The team’s first mission to Singapore, on Feb. 22, 2013, was the longest nonstop flight in the team’s history. Because of the patient’s critical status, the Air Force critical care transport team operating the C-17 Globemaster III refueled inflight, allowing the Burn Flight Team to get the patient to the burn center as soon as possible.
“They have a hook up in the front, and then a little fueling plane flies ahead and lets out a little cable, and they have to connect them,” said Sgt. Matthew Anselmo, NCO in charge of the burn team. He is a respiratory therapist who worked as the rear operations NCO for that particular mission.
The team flew for 19 hours straight over 9,850 miles to bring the patient home. As the Burn Flight Team is not part of the plane’s crew, they are not afforded crew rest. But the team members said they didn’t mind the exhaustion. Getting their fellow service member back home safely was the only thought in their minds.
The second and only other time the flight team transported a patient from Singapore was Nov. 9, 2015. This flight also resulted in a record-breaking mission, but for a different reason. It was the first time the team used a kidney dialysis machine to provide continuous renal replacement therapy inflight.
The patient, a Marine who had suffered severe electrical and thermal burns, was experiencing kidney failure, and would not have survived the flight without the procedure, said Staff Sgt. Daniel Zimmerman, the NCOIC of the team at that time and the respiratory therapist on the flight.
Continuous renal replacement therapy, or CRRT, is similar to regular dialysis in that it removes blood, filters it and then replaces it back in the body. It is different, however, in that it is a slow, continuous process. Because CRRT pulls blood at a slower rate, it does not disrupt the patient’s hemodynamics.

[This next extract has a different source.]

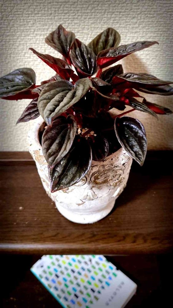 昨夜は窓越しに嵐🌀がきていて、音が怖くて寝付けなかったので、出窓にいるペペロミアさんに枕元に来てもらいました
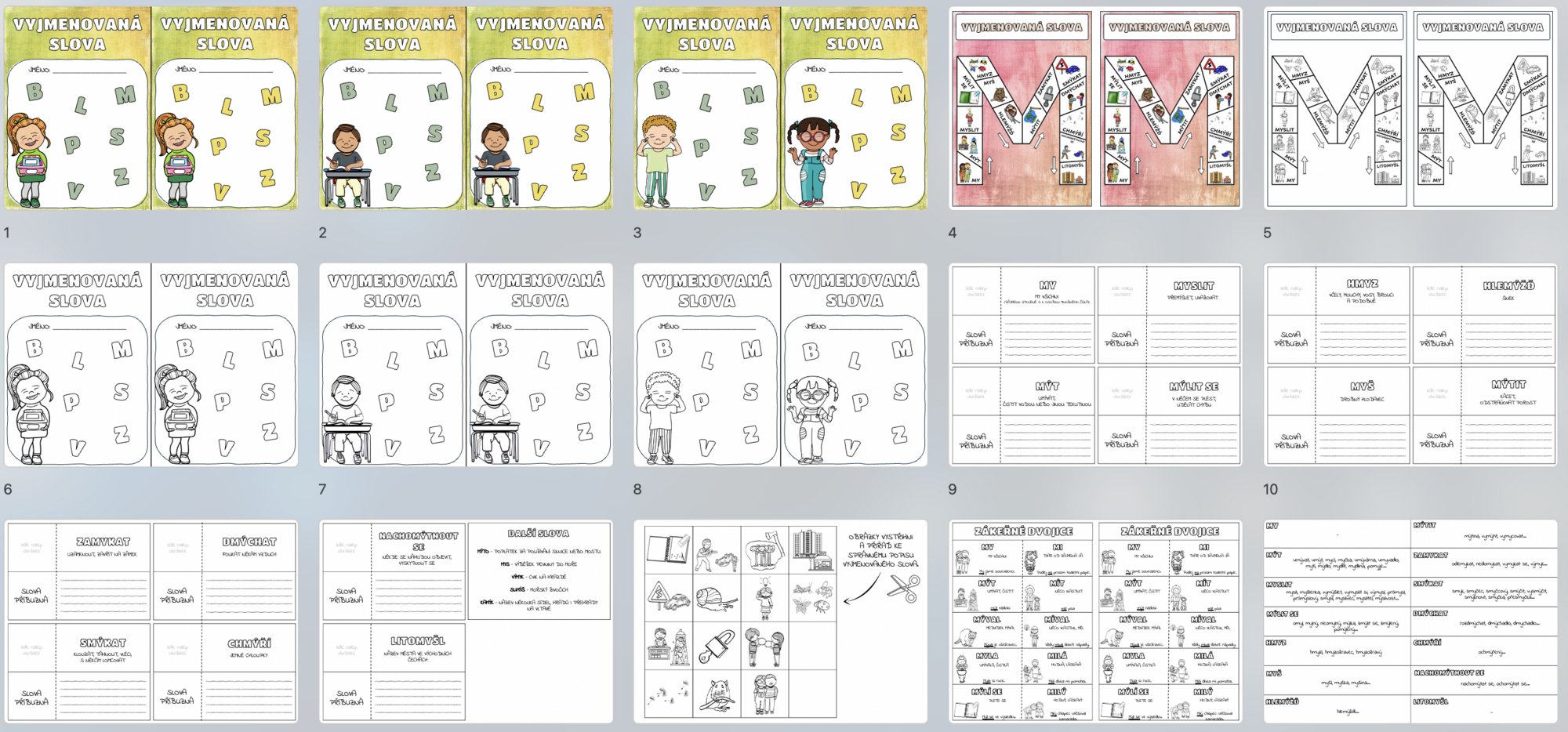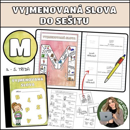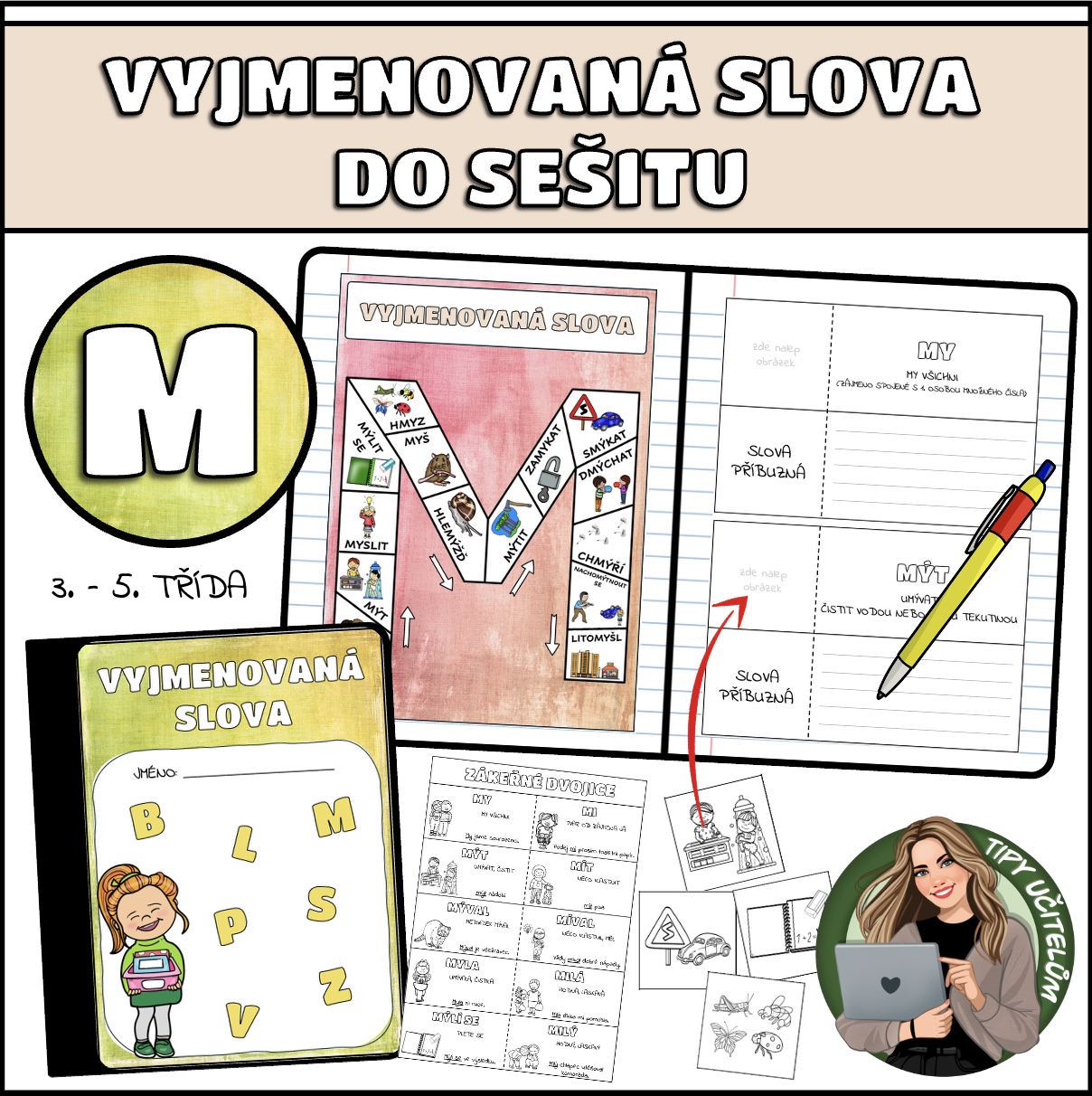 Tento materiál slouží jako přehled vyjmenovaných slov, který si žáci nalepí do sešitu. Jedná se o kompletní set, kde naleznete úvodní stránku k nalepení na desky sešitu, kompletní přehled vyjmenovaných slov, stránky s jednotlivými vyjm. slovy a slovy příbuznými, slova příbuzná, zákeřné dvojice a jednotlivé obrázky, které žáci dolepují ke správnému slovu.

“Without CRRT, that patient would have had to stay at that remote hospital, being treated in another country,” said Staff Sgt. David Shelley, a licensed vocational nurse and assistant NCOIC of the flight team. “So the medical director decided we needed to do what it takes, get this service member to the best place in the military to treat burns, and we made it happen.”
“We are always ready,” Zimmerman said. “I was the NCOIC at the time and the only respiratory therapist on the team, so I was basically on call for two years straight. When you get that call, it’s exciting.”
And this time, the team members knew the flight would require them to use equipment they had never before taken on a flight. The team now considers CRRT part of its capabilities and has dedicated transport equipment, but on that flight, the team used equipment from the intensive care unit.
“Everything went as planned in so much as we had never done the CRRT before,” Zimmerman said. “We weren’t sure what complications we were going to run into, but it was overall a pretty uneventful flight, and that is definitely a success.
“Every successful mission comes with a very rewarding feeling,” he said. “To go pick up a critically injured service member who really needs attention that they can only get in the ISR in our unit, to be able to get them back here safely and see them get better — it is a very rewarding feeling.”
Noncommissioned officers play a crucial role on the U.S. Army Burn Flight Team, which is prepared to fly any time, anywhere to transport burned military personnel to the U.S. Army Institute of Surgical Research Burn Center at Joint Base San Antonio – Fort Sam Houston, Texas.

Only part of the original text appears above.